The next part of the code will handle responding back to the message. For the most part I followed Facebook's Node sample, but I modified things a bit. Facebook doesn't really how you respond to its HTTP call to your server. Your response means nothing essentially. Instead your code makes its own HTTP request to Facebook's API to respond.

However - if you follow Facebook's lead and "respond early" while the response HTTP call is about to go out, that will not work on OpenWhisk. When OpenWhisk things you're done, it's going to shut down your serverless code. Therefore, the code I used basically waits till everything is done before creating a response.

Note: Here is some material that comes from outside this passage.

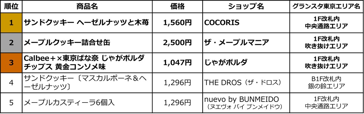グランスタ東京で販売する「東京駅限定手土産 売上ランキングベスト5」が発表されました。

Since Facebook can, and will, batch responses, that meant using Promise.all as a way of listening for all the possible calls to finish. So here is the entire code snippet. Once again, please remember this leaves a lot of polish out.

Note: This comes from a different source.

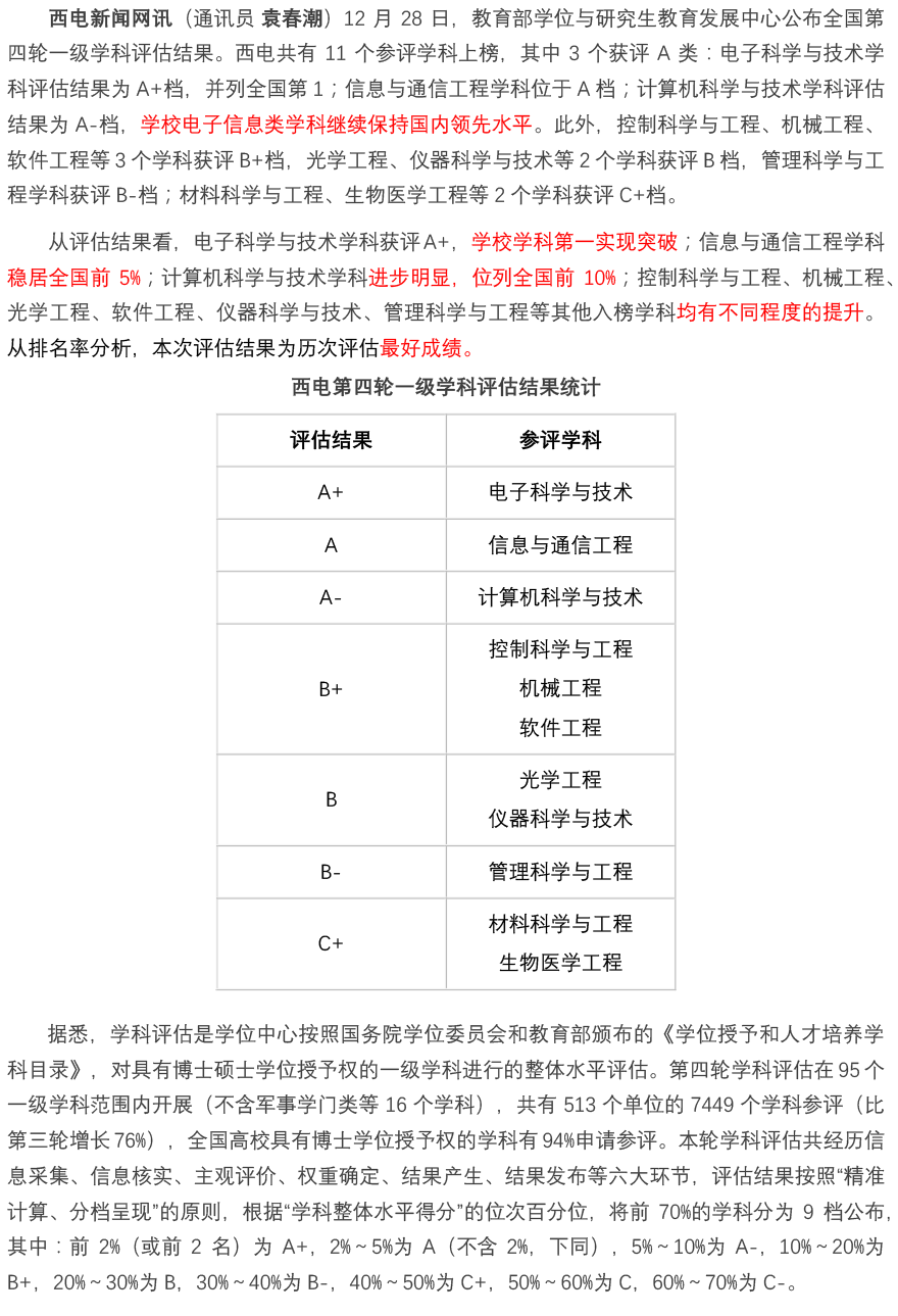 西电3学科在全国第四轮一级学科评估中进入A类

const rp = require('request-promise');
const PAGE_ACCESS_TOKEN = 'CHANGE ME TO YOUR TOKEN';

function main(args) {
    console.log('fbbot ow activated');

    if(args["__ow_method"] === "get") {
        let challenge = args["hub.challenge"];
        let token = args["hub.verify_token"];

        if(token === 'test_token') {
            return { body:challenge };
        } else {
            //todo: return an error condition
        }
    } else if(args.__ow_method === "post") {
        console.log('post call');

        //ensure it's a page, todo: return an error?
        if(!args.object === "page") return;

        return new Promise((resolve, reject) => {

            let promises = [];
            args.entry.forEach((entry) => {
                //process each entry
                entry.messaging.forEach((event) => {
                    if(event.message) promises.push(process(event));
                });

            });

            Promise.all(promises).then(() => {
                resolve({result:1});
            })
            .catch((e) => {
                console.log('error in all call');
                console.log('message='+e.message);
                console.log('error='+JSON.stringify(e.error));
                reject({error:e.error});
            });

        });

    }

}

function process(msg) {
    let senderID = msg.sender.id;
    let recipientID = msg.recipient.id;
    let timeOfMessage = msg.timestamp;
    let message = msg.message;

    console.log(`Received message for user ${senderID} and page ${recipientID} at ${timeOfMessage} with message:`);
    console.log(JSON.stringify(message));

    let messageID = message.mid;
    let messageText = message.text;
    //todo: attachments

    var messageData = {
        recipient: {
            id: senderID
        },
        message: {
            text: 'You sent: '+messageText
        }
    };

    return callSendApi(messageData);
}

function callSendApi(messageData) {
    let options = {
            uri: 'https://graph.facebook.com/v2.6/me/messages',
            qs: { access_token: PAGE_ACCESS_TOKEN },
            method: 'POST',
            json: messageData
    }
    return rp(options);
}

The process function is where I did the logic of "You sent:" in response to your message. A real bot would do a bit more work obviously. callSendApi is basically just the API call to Facebook. I've modified it to use request-promise since I have to know when it's done.

In theory you can test this on the page I set up for it, BotTest1, but I'm not promising to keep that site up for long. Now that I've got this done, I'm going to look into integrating it with Watson for more advanced demos.

Let me know if you have any questions!